▶ **Task prompt**: The material below is to be copied exactly from the line with "截至2025年一季度末,公司" up to and including the line with "- This 2-in-1", with nothing else kept and no pictures.

▶ **Excerpted data**:
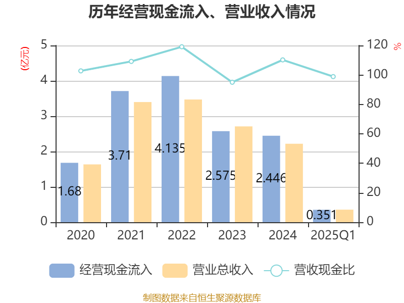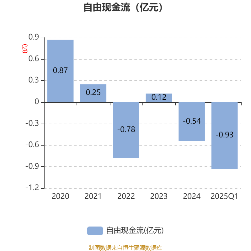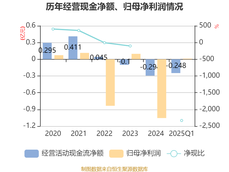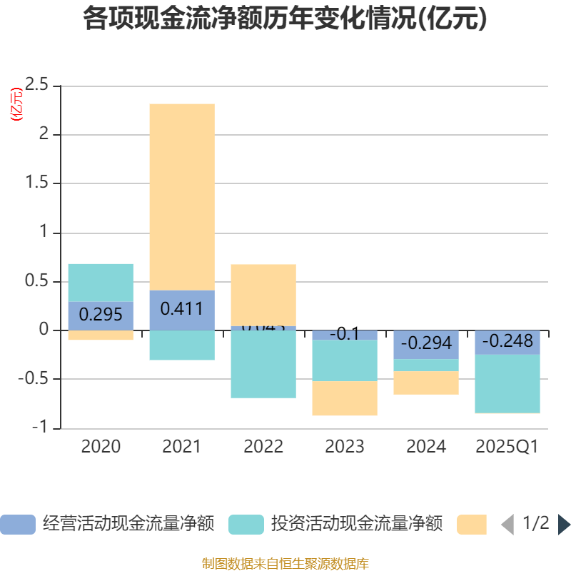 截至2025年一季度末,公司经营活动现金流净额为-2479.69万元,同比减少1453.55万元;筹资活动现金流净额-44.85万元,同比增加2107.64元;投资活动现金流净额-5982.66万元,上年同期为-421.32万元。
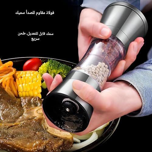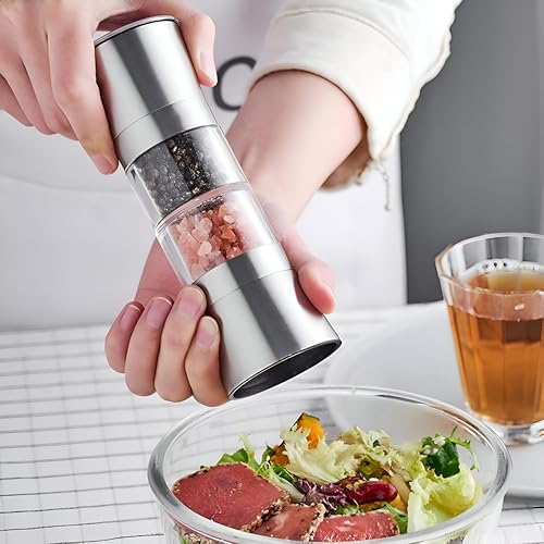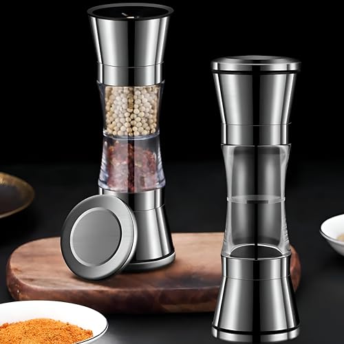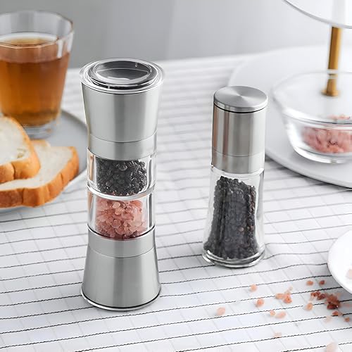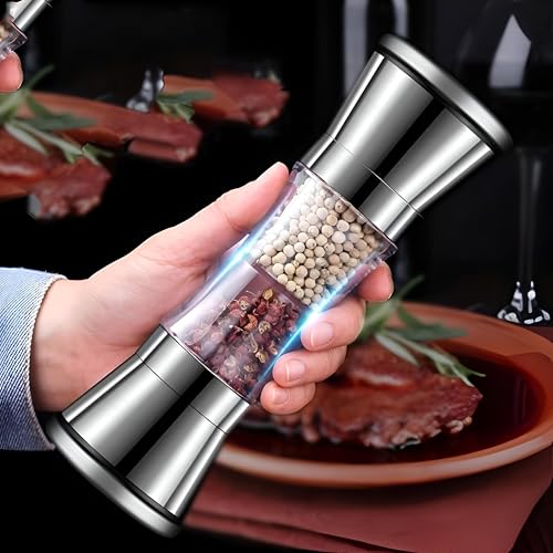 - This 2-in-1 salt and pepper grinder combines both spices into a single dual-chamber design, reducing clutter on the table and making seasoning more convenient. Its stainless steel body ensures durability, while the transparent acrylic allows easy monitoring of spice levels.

==

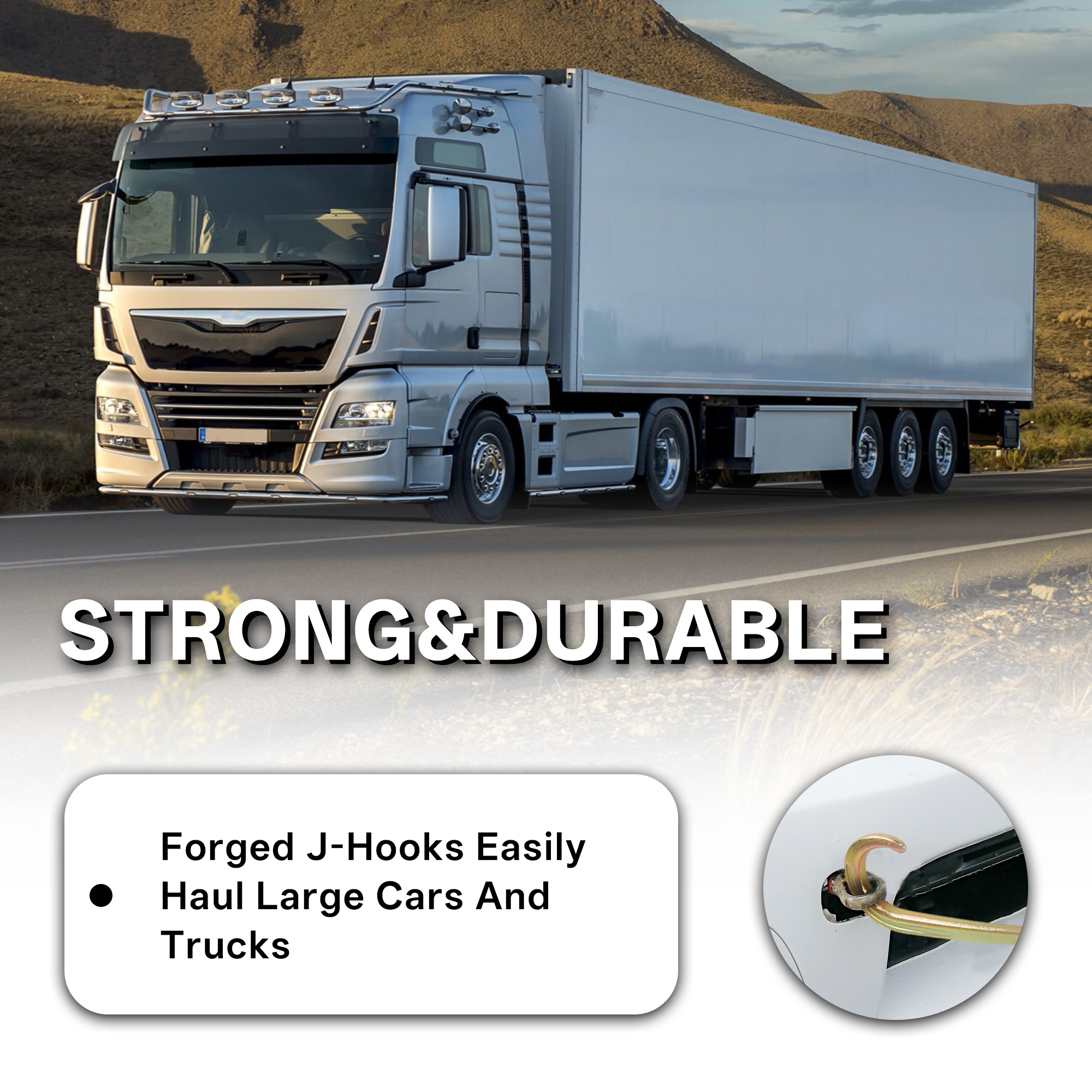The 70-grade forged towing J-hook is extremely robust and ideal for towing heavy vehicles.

▶ **Answer to this exercise**:
 截至2025年一季度末,公司经营活动现金流净额为-2479.69万元,同比减少1453.55万元;筹资活动现金流净额-44.85万元,同比增加2107.64元;投资活动现金流净额-5982.66万元,上年同期为-421.32万元。
 - This 2-in-1 salt and pepper grinder combines both spices into a single dual-chamber design, reducing clutter on the table and making seasoning more convenient. Its stainless steel body ensures durability, while the transparent acrylic allows easy monitoring of spice levels.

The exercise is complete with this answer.